Your objective:
The answer must reproduce all of the data below exactly and contain no images.

Raw data:
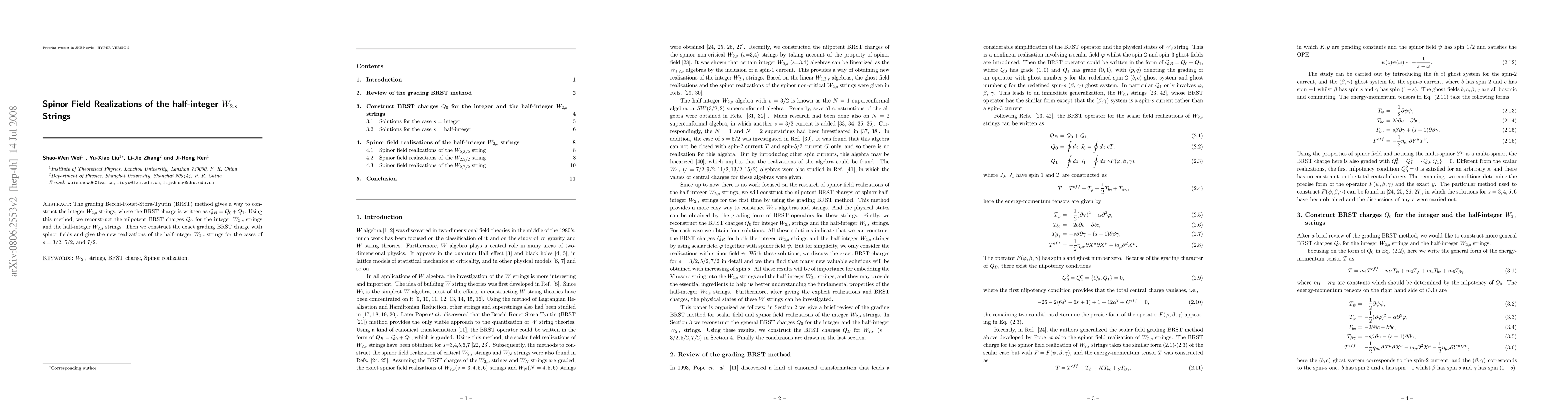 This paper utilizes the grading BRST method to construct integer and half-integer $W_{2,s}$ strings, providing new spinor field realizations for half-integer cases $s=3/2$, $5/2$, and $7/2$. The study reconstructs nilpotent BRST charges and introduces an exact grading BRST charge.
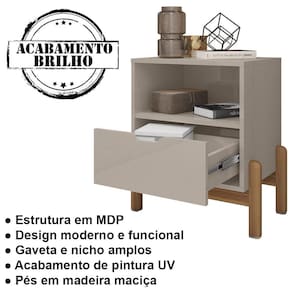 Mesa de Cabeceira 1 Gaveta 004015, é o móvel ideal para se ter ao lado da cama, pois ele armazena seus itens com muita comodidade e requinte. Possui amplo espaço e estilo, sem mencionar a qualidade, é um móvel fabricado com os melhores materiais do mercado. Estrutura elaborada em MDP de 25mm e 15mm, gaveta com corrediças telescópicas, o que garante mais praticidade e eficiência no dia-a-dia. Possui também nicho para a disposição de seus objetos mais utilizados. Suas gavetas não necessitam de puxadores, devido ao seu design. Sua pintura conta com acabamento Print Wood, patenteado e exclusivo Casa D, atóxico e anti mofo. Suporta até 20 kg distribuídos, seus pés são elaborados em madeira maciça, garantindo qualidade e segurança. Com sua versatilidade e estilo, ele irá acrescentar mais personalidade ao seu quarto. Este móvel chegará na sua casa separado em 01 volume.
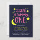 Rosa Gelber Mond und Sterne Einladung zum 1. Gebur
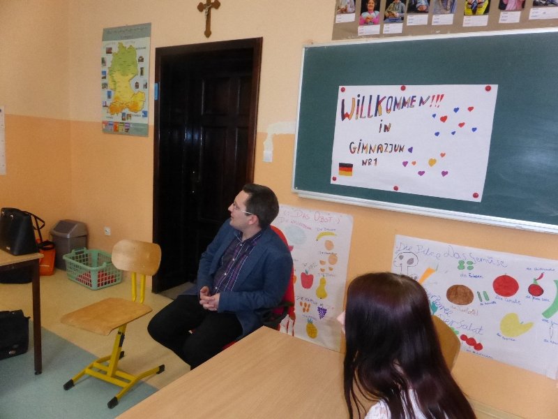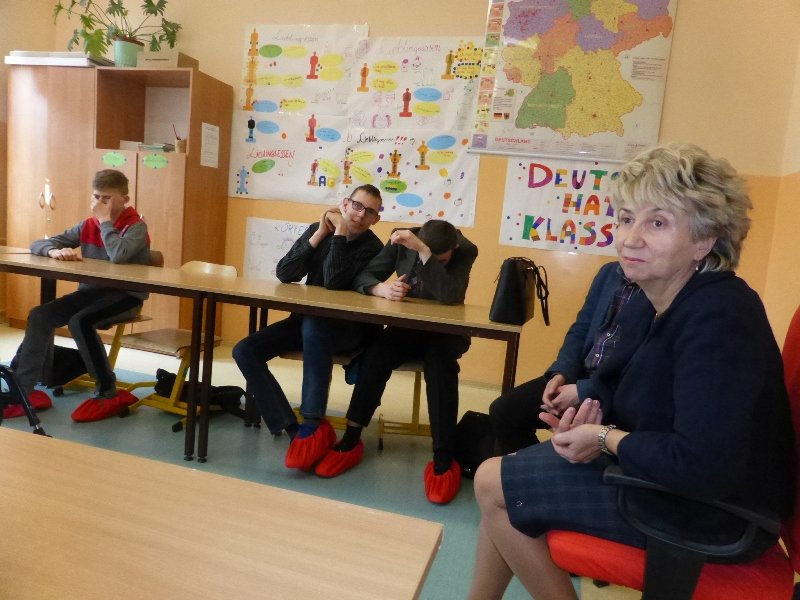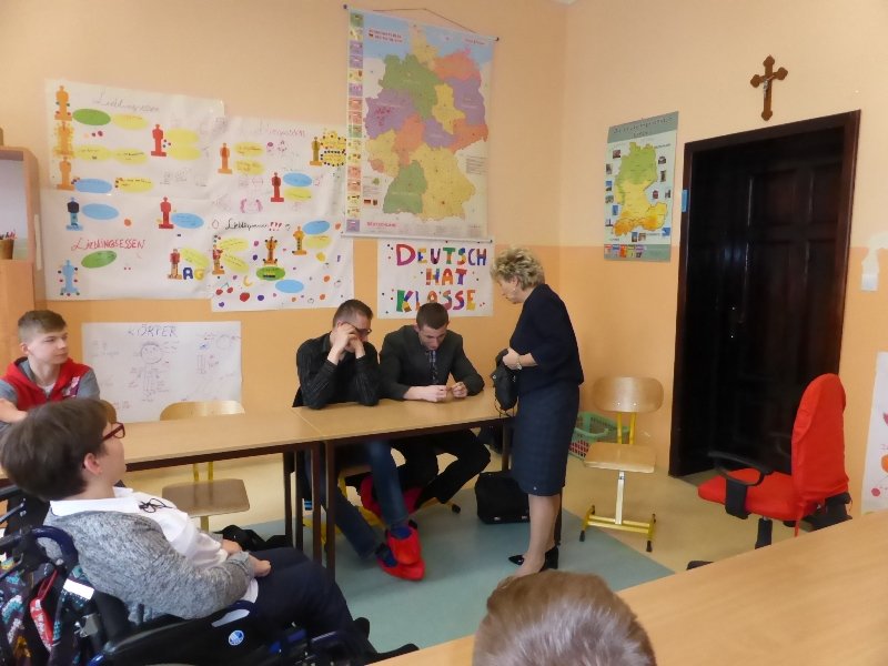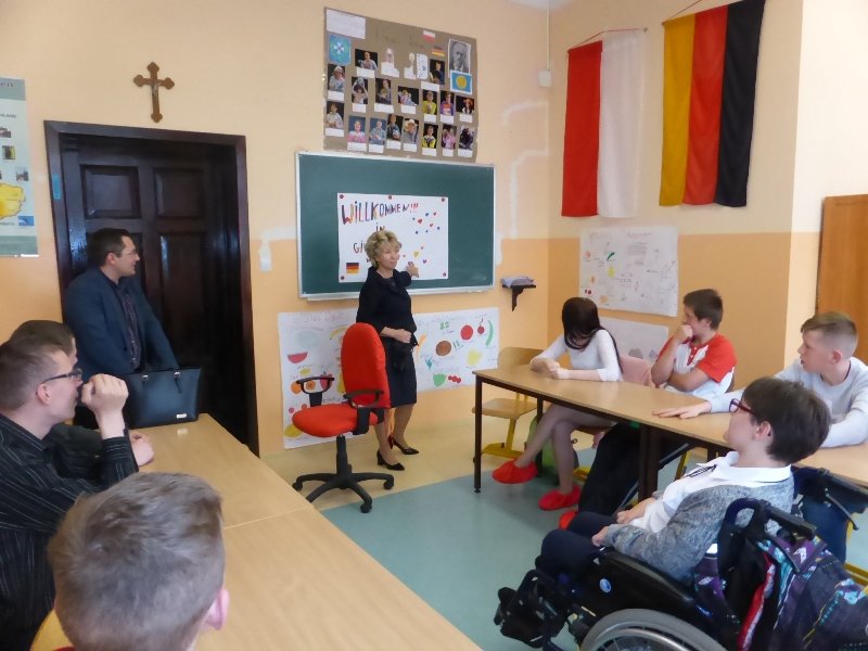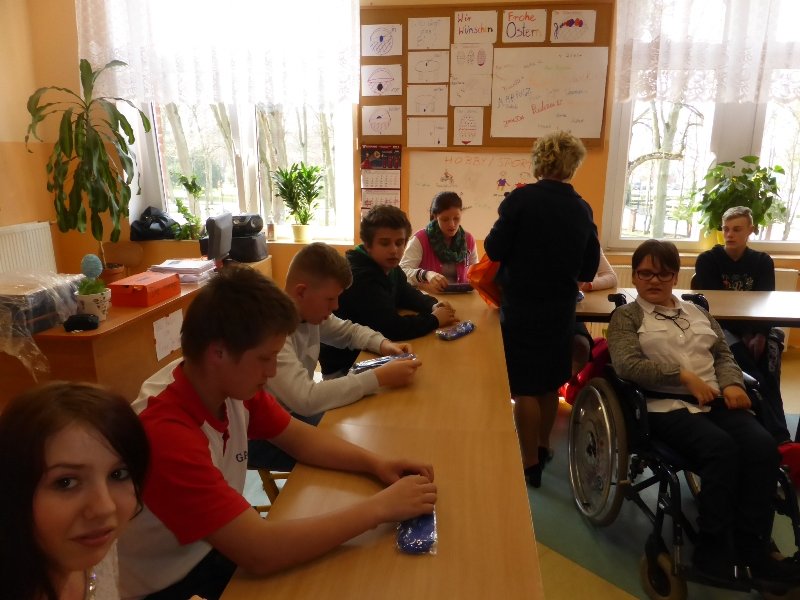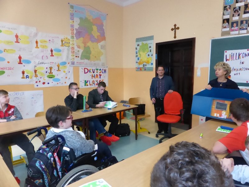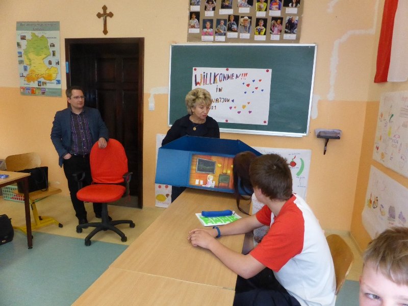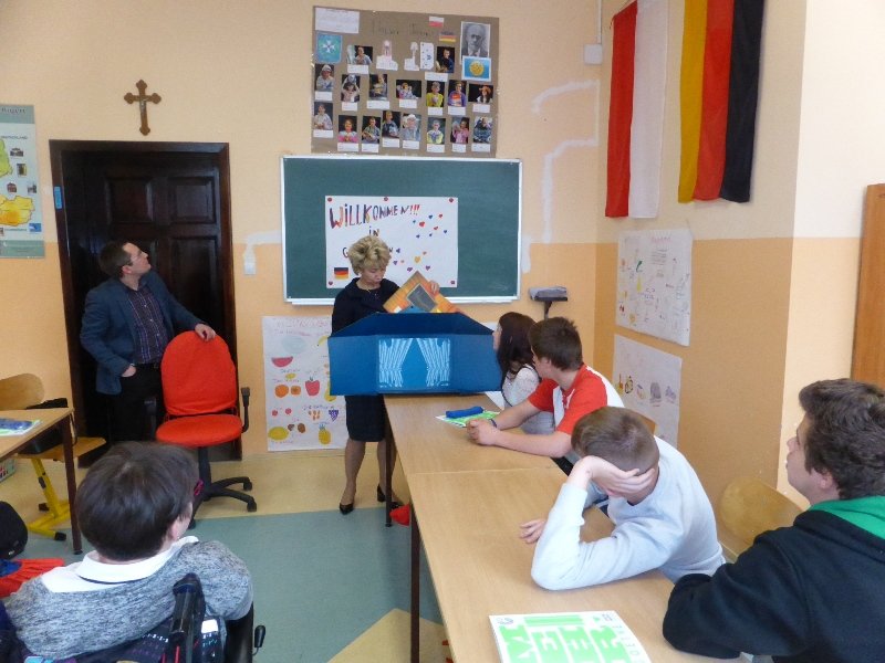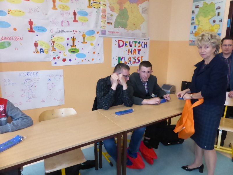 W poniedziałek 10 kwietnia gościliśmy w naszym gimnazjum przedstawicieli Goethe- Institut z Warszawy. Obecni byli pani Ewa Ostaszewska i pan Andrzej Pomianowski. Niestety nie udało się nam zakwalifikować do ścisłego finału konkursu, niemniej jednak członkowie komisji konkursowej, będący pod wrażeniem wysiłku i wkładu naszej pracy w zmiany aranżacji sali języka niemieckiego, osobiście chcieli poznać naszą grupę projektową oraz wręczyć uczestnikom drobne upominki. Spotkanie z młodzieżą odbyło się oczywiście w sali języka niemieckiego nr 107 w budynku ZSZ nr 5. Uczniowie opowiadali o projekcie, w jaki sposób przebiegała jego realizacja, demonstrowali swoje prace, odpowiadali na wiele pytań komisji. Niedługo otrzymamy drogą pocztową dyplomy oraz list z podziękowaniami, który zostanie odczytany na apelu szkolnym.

Result below:
 This paper utilizes the grading BRST method to construct integer and half-integer $W_{2,s}$ strings, providing new spinor field realizations for half-integer cases $s=3/2$, $5/2$, and $7/2$. The study reconstructs nilpotent BRST charges and introduces an exact grading BRST charge.
 Mesa de Cabeceira 1 Gaveta 004015, é o móvel ideal para se ter ao lado da cama, pois ele armazena seus itens com muita comodidade e requinte. Possui amplo espaço e estilo, sem mencionar a qualidade, é um móvel fabricado com os melhores materiais do mercado. Estrutura elaborada em MDP de 25mm e 15mm, gaveta com corrediças telescópicas, o que garante mais praticidade e eficiência no dia-a-dia. Possui também nicho para a disposição de seus objetos mais utilizados. Suas gavetas não necessitam de puxadores, devido ao seu design. Sua pintura conta com acabamento Print Wood, patenteado e exclusivo Casa D, atóxico e anti mofo. Suporta até 20 kg distribuídos, seus pés são elaborados em madeira maciça, garantindo qualidade e segurança. Com sua versatilidade e estilo, ele irá acrescentar mais personalidade ao seu quarto. Este móvel chegará na sua casa separado em 01 volume.
 Rosa Gelber Mond und Sterne Einladung zum 1. Gebur
 W poniedziałek 10 kwietnia gościliśmy w naszym gimnazjum przedstawicieli Goethe- Institut z Warszawy. Obecni byli pani Ewa Ostaszewska i pan Andrzej Pomianowski. Niestety nie udało się nam zakwalifikować do ścisłego finału konkursu, niemniej jednak członkowie komisji konkursowej, będący pod wrażeniem wysiłku i wkładu naszej pracy w zmiany aranżacji sali języka niemieckiego, osobiście chcieli poznać naszą grupę projektową oraz wręczyć uczestnikom drobne upominki. Spotkanie z młodzieżą odbyło się oczywiście w sali języka niemieckiego nr 107 w budynku ZSZ nr 5. Uczniowie opowiadali o projekcie, w jaki sposób przebiegała jego realizacja, demonstrowali swoje prace, odpowiadali na wiele pytań komisji. Niedługo otrzymamy drogą pocztową dyplomy oraz list z podziękowaniami, który zostanie odczytany na apelu szkolnym.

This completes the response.